→ **PROBLEM STATEMENT**
Only the pictures are to be left out; please reproduce everything else in the data exactly.

→ **DATA BELOW**

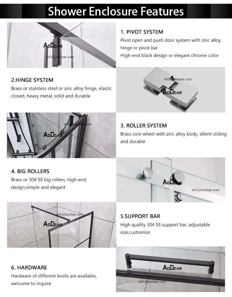 Maximum door width: 1000 mm Material: Stainless steel 304/aluminum, other Product Name: Frameless shower enclosure Payment Terms: wire transfer After-sales service: Online Technical Support Frame style: Frameless Glass thickness: 8-12 mm,8-12 mm model: QW-209 Design style: Modern Project solving...... -
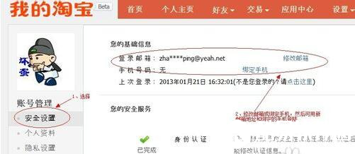 进入页面“账号管理”,选择安全设置,然后在安全设置里可修改以前绑定的邮箱或者绑定的手机。
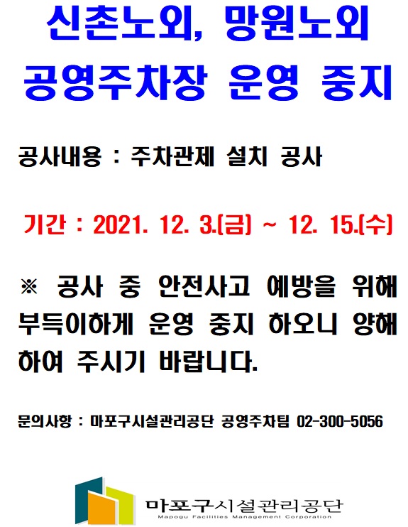 신촌 및 망원 노외 공영주차장 운영중지
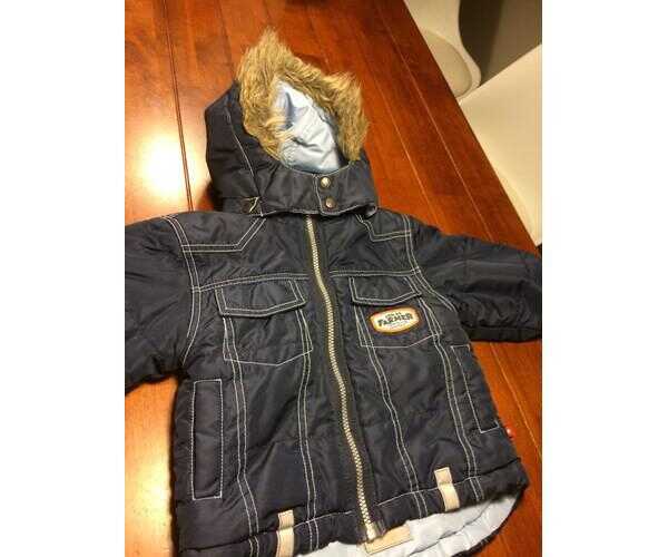 Meget pæn vinterjakke i mørkeblå med hætte. Ingen huller

→ **EXPECTED OUTPUT**
 Maximum door width: 1000 mm Material: Stainless steel 304/aluminum, other Product Name: Frameless shower enclosure Payment Terms: wire transfer After-sales service: Online Technical Support Frame style: Frameless Glass thickness: 8-12 mm,8-12 mm model: QW-209 Design style: Modern Project solving...... -
 进入页面“账号管理”,选择安全设置,然后在安全设置里可修改以前绑定的邮箱或者绑定的手机。
 신촌 및 망원 노외 공영주차장 운영중지
 Meget pæn vinterjakke i mørkeblå med hætte. Ingen huller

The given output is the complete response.